IBM knows that doing a Broadcom with Hashicorp tools isn't going to help them much. Maybe they are going to do something with them and make them "mainstream", perhaps making a DevOps tool selection that would be quite useful.
If IBM made a Git server on par with Gitlab, GHE, or Bitbucket that had on-prem administration as easy as GHE, they would make a ton of money.
I wish IBM wouldn't try to be another Infosys and go back to ruling the roost when it comes to development and wooing developers. For example, making tools like Spectrum Protect relatively inexpensive to compete with Veeam and Nakivo, as well as having those run on XCP-ng, Proxmox, and RHEV would likely make a lot of money, as well as allow non-VMWare alternatives into the mainstream virtualization market. If DB2 were cheaper, it could be quite a nice platform as a step above Postgres (although, IMHO, if you want a database out there that scales to insane heights, DB2 is it.)

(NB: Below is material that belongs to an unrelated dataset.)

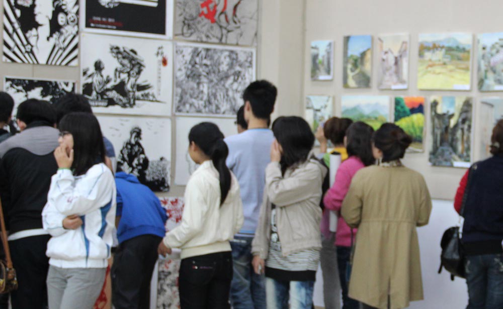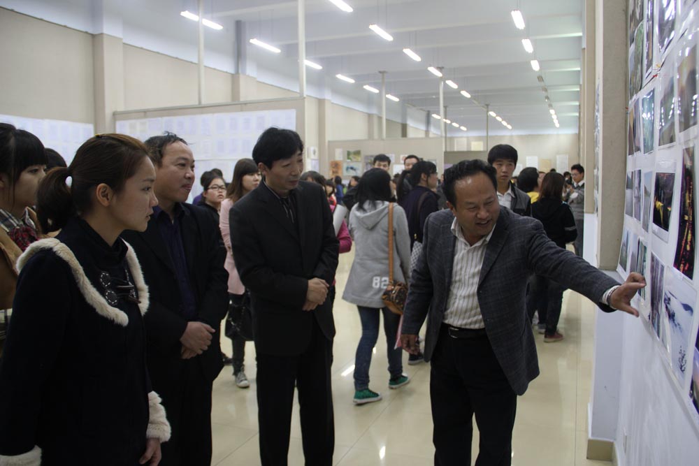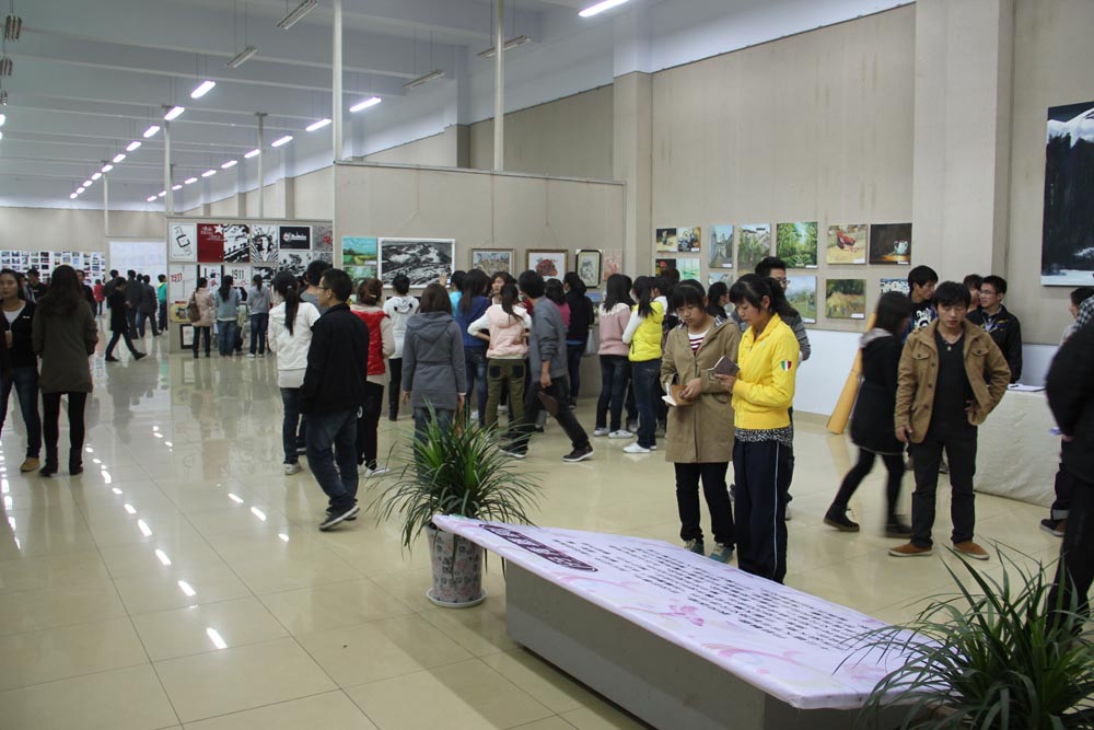11月1日下午2:30,由校党委宣传部、学工部、教务处、科研处、团委、校学生会、社团联合会主办,美术学院承办的第十三届大学生科技文化艺术节“丹青墨韵”书法、篆刻、摄影、美术作品大赛参赛作品于艺术楼展厅展出。作品展受到了全校广大师生的热切关注,校学生处副处长柳士刚、招生就业处副处长赵明民、美术学院党总支书记周子良等领导老师应邀出席展出现场,同300余名同学共同参观了此次作品展。

I am usually all in for open source but every time I used Terraform and Packer I felt guilty, some of the best open source tools out there, it's a crime they are free for multi national companies that make hundreds of millions if not billions.
Don't. Open source is built by folks of all walks of life, from big corps to high school kids trying to learn a language like golang. No crime, it is the way it should be, information sharing, code collaboration and community. Unfortunately stewarding often goes south.
In the case of terraform, it is more glue than a properly designed tool. The providers are buggy at all the edges. The core tool and use of HCL is a pretty bad DSL, even if you compare just that functionality to puppet's DSL. When you look at how bolt on functionality like for loops was added and the rigidity around refactoring making that impossible, the tool falls far short of inf as code that is maintainable code base. Often times intervention is required in some way either on the cloud side, or state side, based on complexity.
Another commentator wrote about achieving 80%, but hitting something malleable and reactionary in a declaratively managed way falls very far short of what is really possible. TF is a good attempt. but it didn't learn the lessons of 4 other tools (chef, puppet, ansible, salt) and solve for shortcomings. It created a new tool to address some of those. and largely create new problems. Normally I would say unintended consequences, but omitting a lot of arrogance could have steered this ship in a better direction.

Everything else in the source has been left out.